Transcribe, exactly and without pictures, the lines below from the line with "အခြေအနေများကိုလည်းကောင်း အသီးသီး ရှင်းလင်းတင်ပြကြသည်။" to the line with "Stunning and meticulously", both ends included, and no others.

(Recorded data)
*** Block opens ***

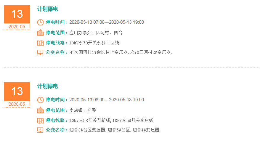 停电范围:应山办事处:四河村、四合
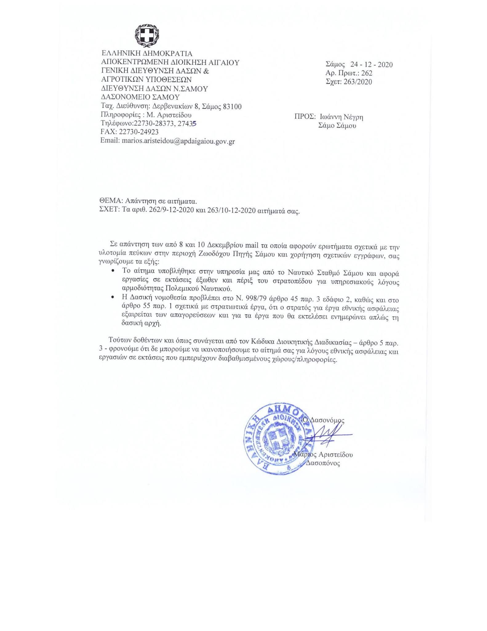 Αφήστε λοιπόν κύριε Αριστείδου τις <<αστήριχτες και αίολες νομικά>> τα περί εθνικής ασφάλειας απόψεις σας για να δικαιολογήσετε την παράνομη υλοτόμηση και το περιβαλλοντικό έγκλημα που συνετελέσατε στον περιβάλλοντα ιδιωτική έκταση του Μοναστηριού της Ζωοδόχου Πηγής και επειδή αυτά που σας λέμε και σας γράφουμε αφορούν απόφαση της αρχ'ης προστασίας προσωπικών δεδομένων σας ρωτάμε ποιος έκοψε τα πεύκα και με τι αντίτιμο;
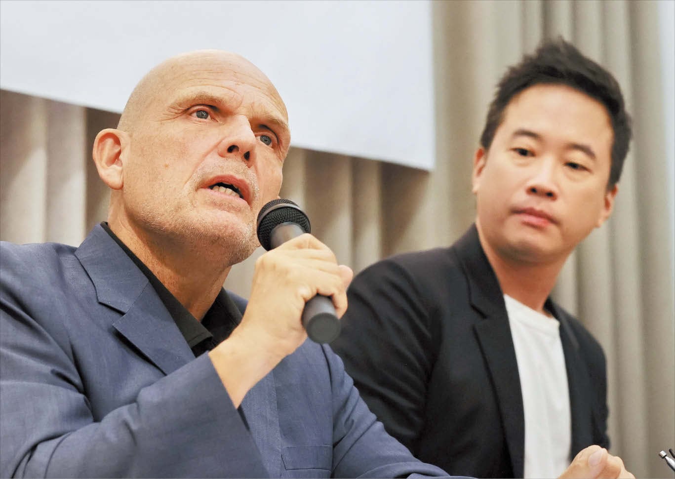 연합뉴스서울시향 음악 감독인 야프 판 즈베던(왼쪽)이 23일 ‘오징어 게임’과 ‘기생충’의 작곡가 정재일의 신곡 초연에 대해 설명하고 있다. |
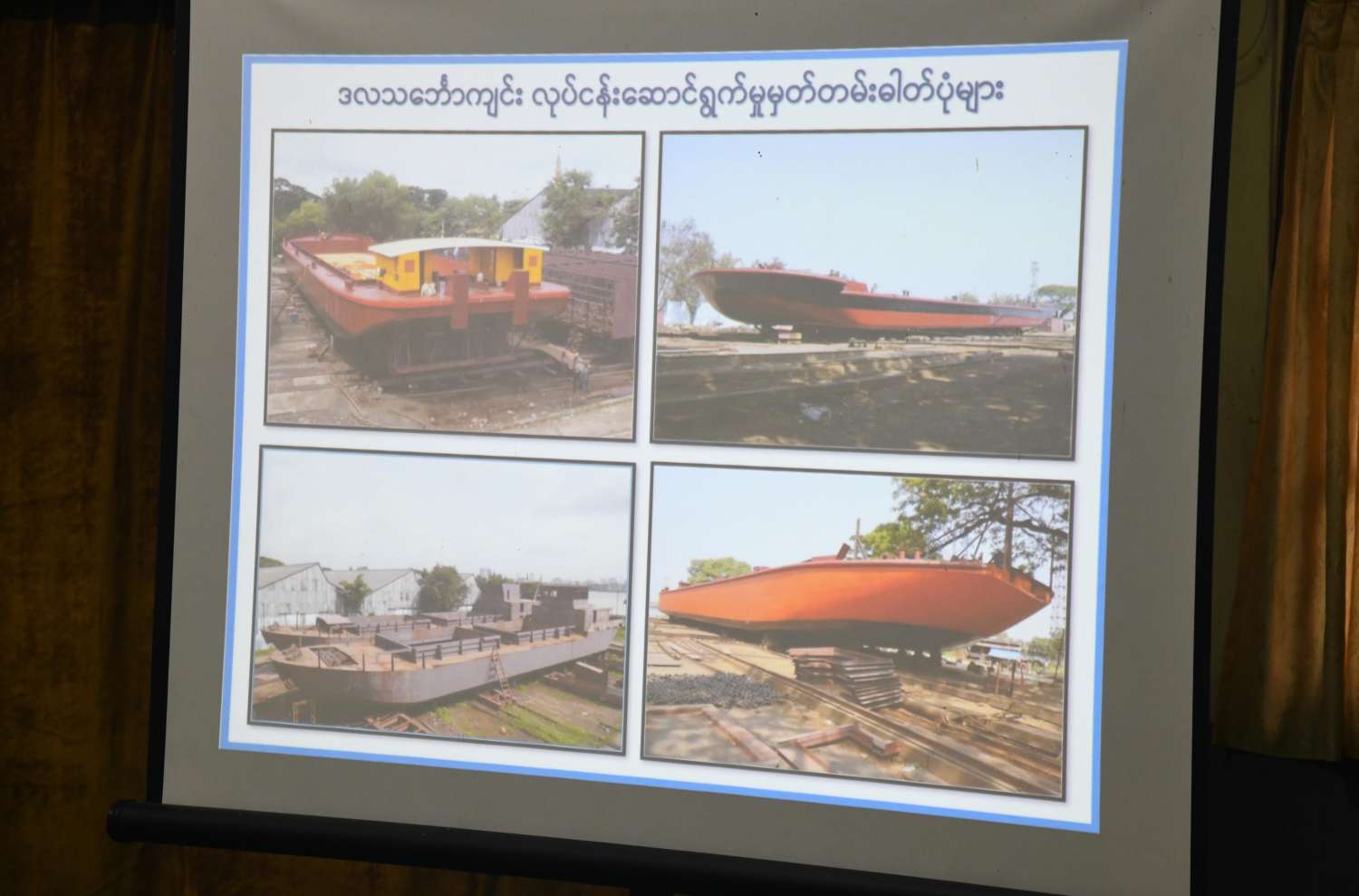 ပြည်တွင်းရေကြောင်းပို့ဆောင်ရေး ဦးဆောင်ညွှန်ကြားရေးမှူး ဦးဌေးအောင်က မြန်မာနိုင်ငံရှိ သင်္ဘောကျင်းများအနက် ရှေးအကျဆုံးဖြစ်သည့် ဒလသင်္ဘောကျင်း၏ သမိုင်းမှတ်တမ်းများ၊ ခေတ်အဆက်ဆက် သင်္ဘောများ ပြုပြင်ထိန်းသိမ်း ဆောင်ရွက်ခဲ့မှု၊ ဒလသင်္ဘောကျင်းမှ တာဝန်ယူဆောင်ရွက်ထားသည့် လုပ်ငန်းတာဝန်များ၊ ဌာနများဖွဲ့စည်းထားရှိမှုနှင့် ဝန်ထမ်းများခန့်အပ်ထားရှိမှု၊ လွန်းကျင်းများအလိုက် သင်္ဘောများ ပြုပြင်ထိန်းသိမ်းဆောင်ရွက်နေမှု၊ ရေယာဉ်များ အသစ်တည်ဆောက်ခဲ့မှုနှင့် လာမည့်ဘဏ္ဍာနှစ်များတွင် ရေယာဉ်ပြုပြင်ခြင်းလုပ်ငန်းများ ဆောင်ရွက်သွားမည့် အခြေအနေများ၊ ရည်မှန်းချက်တာဝန်များအပေါ် အကောင်အထည်ဖော်ဆောင်ရွက်သွားမည့် အခြေအနေများကိုလည်းကောင်း အသီးသီး ရှင်းလင်းတင်ပြကြသည်။
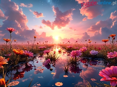 Kwiaty, Odbicie, Woda, Grafika AI, Zachód słońca
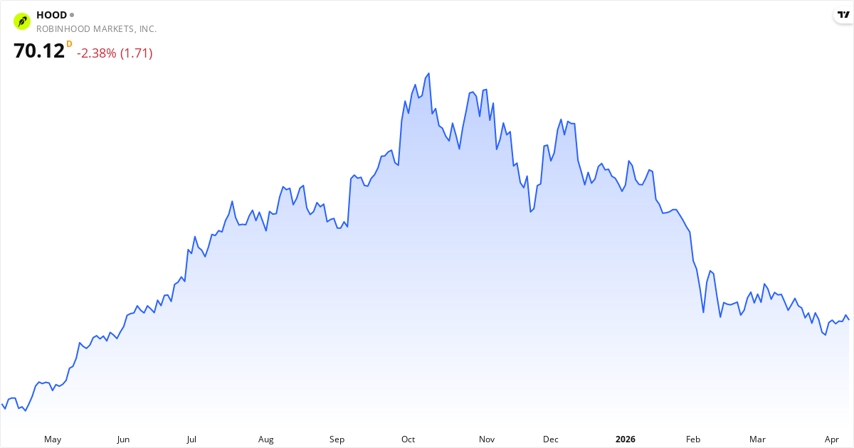 Robinhood Markets offentliggør næste regnskab den 29. april 2026. Aktien handles i øjeblikket til 70.12 $. Med et P/E-tal på 35.0 vil markedet holde øje med om indtjeningen lever op til forventningerne.
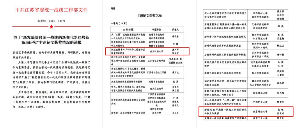 为深入学习贯彻习近平总书记关于加强和改进统一战线工作的重要思想,推动全省统一战线理论实践创新,促进新时代统一战线事业高质量发展,今年7月,省委统战部在全省范围内组织开展“新发展阶段统一战线的新变化新趋势新布局研究”主题征文活动。经个人申报、校内初评、择优推荐,bat365推荐的论文从全省196篇征文中脱颖而出,其中工商管理学院廉同辉副教授的论文《新冠肺炎疫情事件下华侨华人传播中国国家形象研究》获得一等奖,营销与物流管理学院张敏教授的论文《新世纪20年来统一战线工作理论研究的热点与展望》获得二等奖。
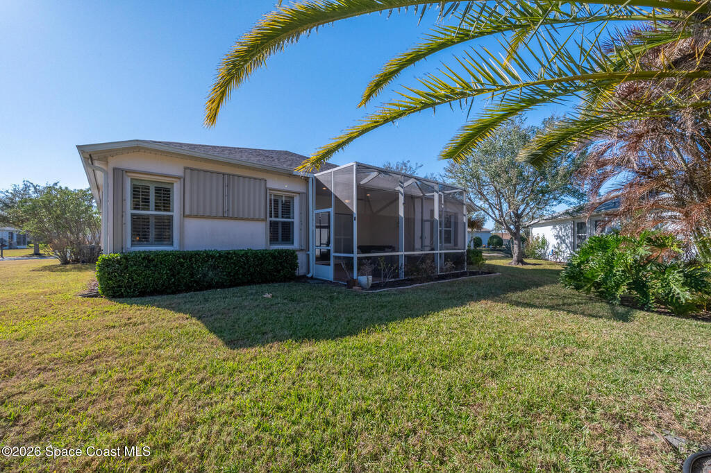 Stunning and meticulously maintained, this exceptional home reflects true pride of ownership with thoughtful details throughout. Offering both a spacious family room and formal living and dining rooms, the layout is ideal for everyday comfort and entertaining. The eat-in kitchen features a center island, breakfast bar, and pantry, creating a welcoming hub of the home. The luxurious primary suite is a peaceful retreat and includes California Closet systems in most closets for optimal organization. Step outside to the extended screened and covered lanai overlooking a serene oversized lot, perfect for relaxing or hosting guests. Additional highlights include plantation and accordion shutters, a 5-year-old roof, new water heater, and newer HVAC system. Low HOA dues provide access to a beautiful two-story clubhouse overlooking the pool and lakes, along with billiards, bocce ball, tennis, a fitness room, and more. All this, just 10 minutes from the beach, offering the best of Florida Living
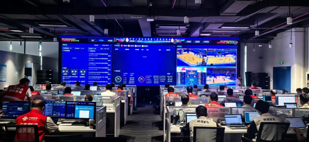 精彩背后,是數(shù)千名信息化團(tuán)隊保障人員的無聲堅守。 在組委會的指導(dǎo)下,省執(zhí)委會信息化專班以加強(qiáng)頂層設(shè)計為“指揮棒”,繪制了一張精準(zhǔn)作戰(zhàn)的“分工圖”:省執(zhí)委會統(tǒng)領(lǐng)信息化建設(shè)全局,一體謀劃推進(jìn)各項數(shù)字服務(wù)保障工作落實落細(xì);電信公司主攻云服務(wù)與衛(wèi)星通信保障,筑起高速通信網(wǎng)絡(luò)的基石;移動公司承建競賽專網(wǎng)及跨境數(shù)據(jù)專線,為賽事的信息傳遞開辟了一條暢通無阻的通道;聯(lián)通公司搭建賽事指揮調(diào)度平臺,讓賽事的指揮調(diào)度更加高效有序;數(shù)字廣東網(wǎng)絡(luò)建設(shè)有限公司承建數(shù)據(jù)資源共享平臺、志愿者管理系統(tǒng)及接待管理系統(tǒng),讓數(shù)據(jù)流得通暢、流得安全。各方攜手并肩、協(xié)同作戰(zhàn),不僅夯實了賽事信息化的技術(shù)底座,更筑起一道堅不可摧的數(shù)字服務(wù)屏障。 在網(wǎng)絡(luò)運(yùn)行方面,形成網(wǎng)絡(luò)保障、賽事運(yùn)行等分隊,通過信息技術(shù)運(yùn)行中心(TOC)實時監(jiān)控網(wǎng)絡(luò)運(yùn)行狀態(tài)、系統(tǒng)負(fù)載狀況、關(guān)鍵指標(biāo)變化,形成“人守、物備、網(wǎng)控、數(shù)驅(qū)”聯(lián)動保障格局,對突發(fā)故障、網(wǎng)絡(luò)瓶頸、設(shè)備告警等情況實現(xiàn)秒級預(yù)警,確保賽事運(yùn)行信息化系統(tǒng)全天候穩(wěn)定可靠,在“零卡頓”“零中斷”服務(wù)保障中傳遞科技的溫度。 在網(wǎng)絡(luò)安全方面,網(wǎng)絡(luò)安全團(tuán)隊提前部署,對21個業(yè)務(wù)系統(tǒng)互聯(lián)網(wǎng)暴露面進(jìn)行排查和策略再收緊,加強(qiáng)對賽事專網(wǎng)、賽事互聯(lián)網(wǎng)、數(shù)據(jù)中心的實時監(jiān)測。設(shè)置三級保障團(tuán)隊,形成“資深網(wǎng)絡(luò)安全專家+遠(yuǎn)程值班保障二線專家+產(chǎn)品研發(fā)技術(shù)專家”的梯次網(wǎng)絡(luò)安全保障團(tuán)隊,筑牢網(wǎng)絡(luò)安全的“銅墻鐵壁”。開幕式當(dāng)天,各業(yè)務(wù)系統(tǒng)運(yùn)行平穩(wěn),未發(fā)生網(wǎng)絡(luò)安全事件,圓滿完成“零事故”網(wǎng)絡(luò)安全保障目標(biāo)。
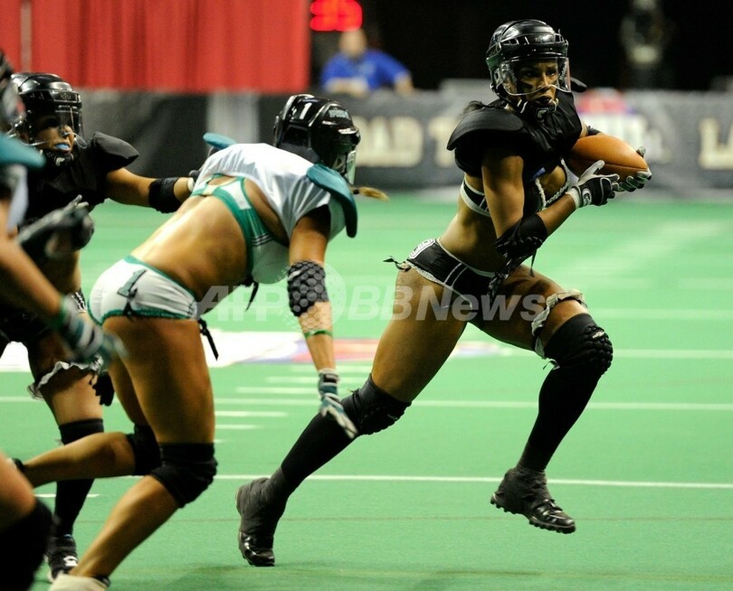 米ネバダ(Nevada)州ラスベガス(Las Vegas)で6日、下着姿の女性がアメリカンフットボールをするランジェリーフットボールリーグ(Lingerie Football League)の優勝決定戦「第8回ランジェリー・ボウル(Lingerie Bowl)」が開催された。ロサンゼルス・テンプテーョン(Los Angeles Temptation)がフィラデルフィア・パッション(Philadelphia Passion)を26-25で下し、優勝した。写真は、試合の一場面(2011年2月6日撮影)。(c)AFP/Getty Images/Ethan Miller
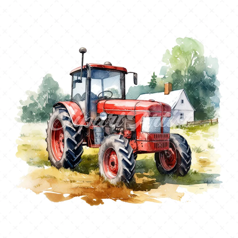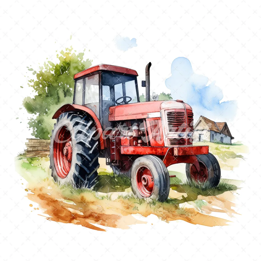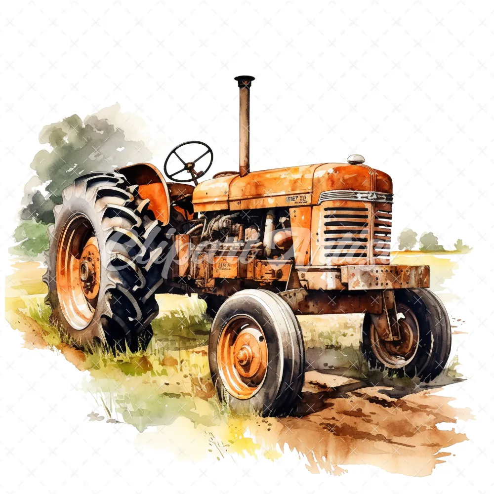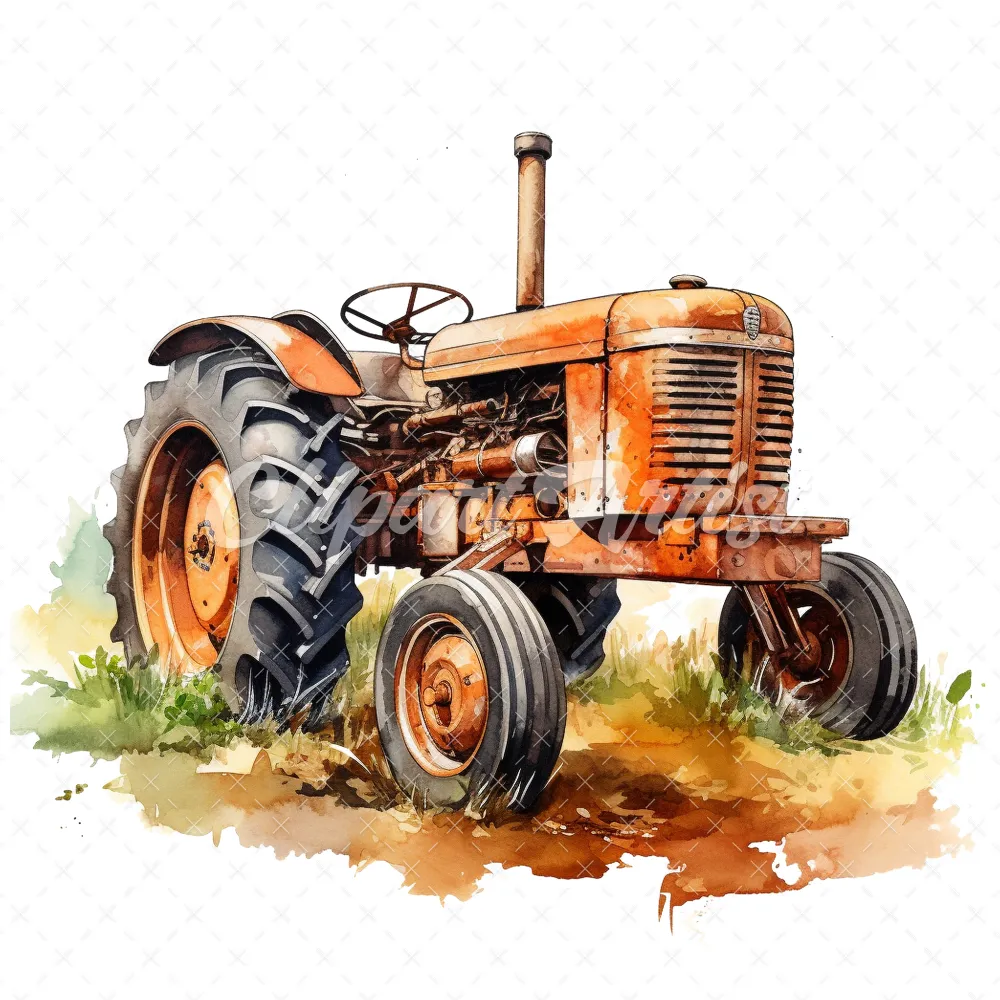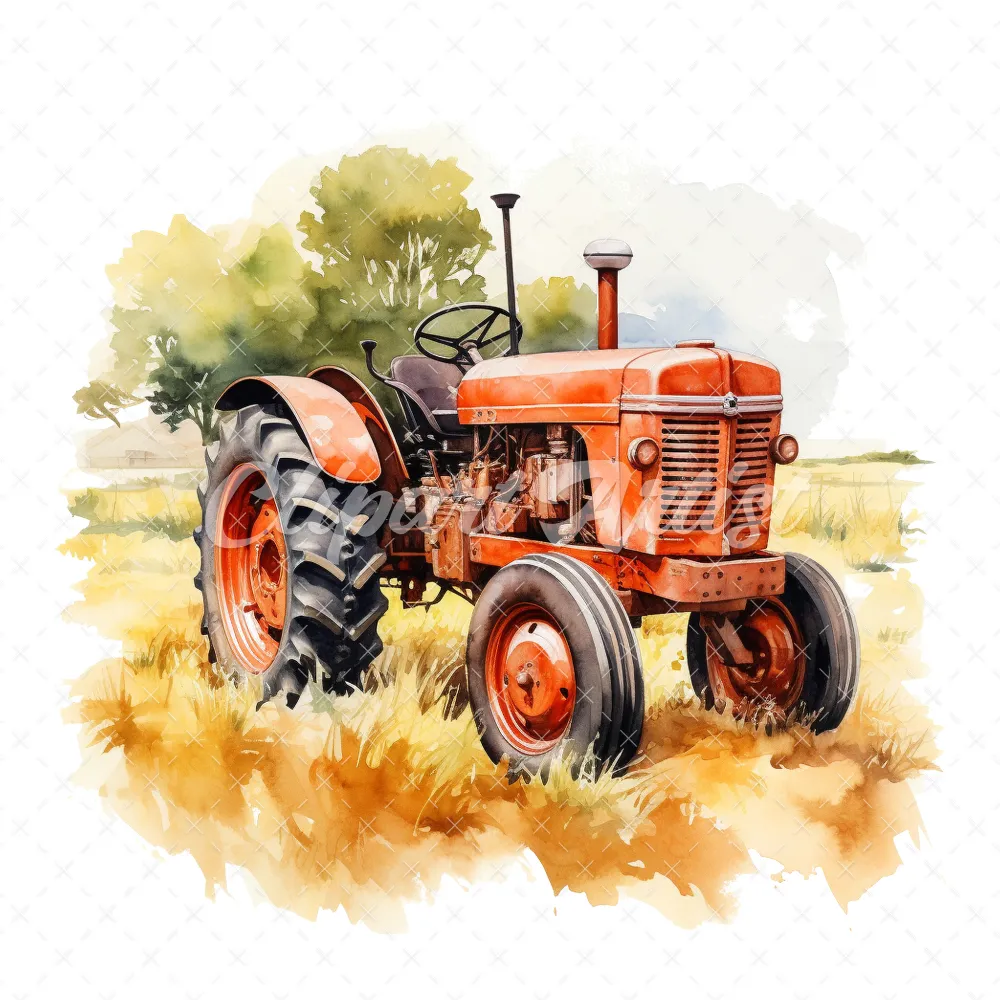 19 High-Quality Old Tractor Clipart – Old tractor digital watercolor JPG instant download for commercial use – Digital download

*** Block closes ***

*Result of the exercise:*
 ပြည်တွင်းရေကြောင်းပို့ဆောင်ရေး ဦးဆောင်ညွှန်ကြားရေးမှူး ဦးဌေးအောင်က မြန်မာနိုင်ငံရှိ သင်္ဘောကျင်းများအနက် ရှေးအကျဆုံးဖြစ်သည့် ဒလသင်္ဘောကျင်း၏ သမိုင်းမှတ်တမ်းများ၊ ခေတ်အဆက်ဆက် သင်္ဘောများ ပြုပြင်ထိန်းသိမ်း ဆောင်ရွက်ခဲ့မှု၊ ဒလသင်္ဘောကျင်းမှ တာဝန်ယူဆောင်ရွက်ထားသည့် လုပ်ငန်းတာဝန်များ၊ ဌာနများဖွဲ့စည်းထားရှိမှုနှင့် ဝန်ထမ်းများခန့်အပ်ထားရှိမှု၊ လွန်းကျင်းများအလိုက် သင်္ဘောများ ပြုပြင်ထိန်းသိမ်းဆောင်ရွက်နေမှု၊ ရေယာဉ်များ အသစ်တည်ဆောက်ခဲ့မှုနှင့် လာမည့်ဘဏ္ဍာနှစ်များတွင် ရေယာဉ်ပြုပြင်ခြင်းလုပ်ငန်းများ ဆောင်ရွက်သွားမည့် အခြေအနေများ၊ ရည်မှန်းချက်တာဝန်များအပေါ် အကောင်အထည်ဖော်ဆောင်ရွက်သွားမည့် အခြေအနေများကိုလည်းကောင်း အသီးသီး ရှင်းလင်းတင်ပြကြသည်။
 Kwiaty, Odbicie, Woda, Grafika AI, Zachód słońca
 Robinhood Markets offentliggør næste regnskab den 29. april 2026. Aktien handles i øjeblikket til 70.12 $. Med et P/E-tal på 35.0 vil markedet holde øje med om indtjeningen lever op til forventningerne.
 为深入学习贯彻习近平总书记关于加强和改进统一战线工作的重要思想,推动全省统一战线理论实践创新,促进新时代统一战线事业高质量发展,今年7月,省委统战部在全省范围内组织开展“新发展阶段统一战线的新变化新趋势新布局研究”主题征文活动。经个人申报、校内初评、择优推荐,bat365推荐的论文从全省196篇征文中脱颖而出,其中工商管理学院廉同辉副教授的论文《新冠肺炎疫情事件下华侨华人传播中国国家形象研究》获得一等奖,营销与物流管理学院张敏教授的论文《新世纪20年来统一战线工作理论研究的热点与展望》获得二等奖。
 Stunning and meticulously maintained, this exceptional home reflects true pride of ownership with thoughtful details throughout. Offering both a spacious family room and formal living and dining rooms, the layout is ideal for everyday comfort and entertaining. The eat-in kitchen features a center island, breakfast bar, and pantry, creating a welcoming hub of the home. The luxurious primary suite is a peaceful retreat and includes California Closet systems in most closets for optimal organization. Step outside to the extended screened and covered lanai overlooking a serene oversized lot, perfect for relaxing or hosting guests. Additional highlights include plantation and accordion shutters, a 5-year-old roof, new water heater, and newer HVAC system. Low HOA dues provide access to a beautiful two-story clubhouse overlooking the pool and lakes, along with billiards, bocce ball, tennis, a fitness room, and more. All this, just 10 minutes from the beach, offering the best of Florida Living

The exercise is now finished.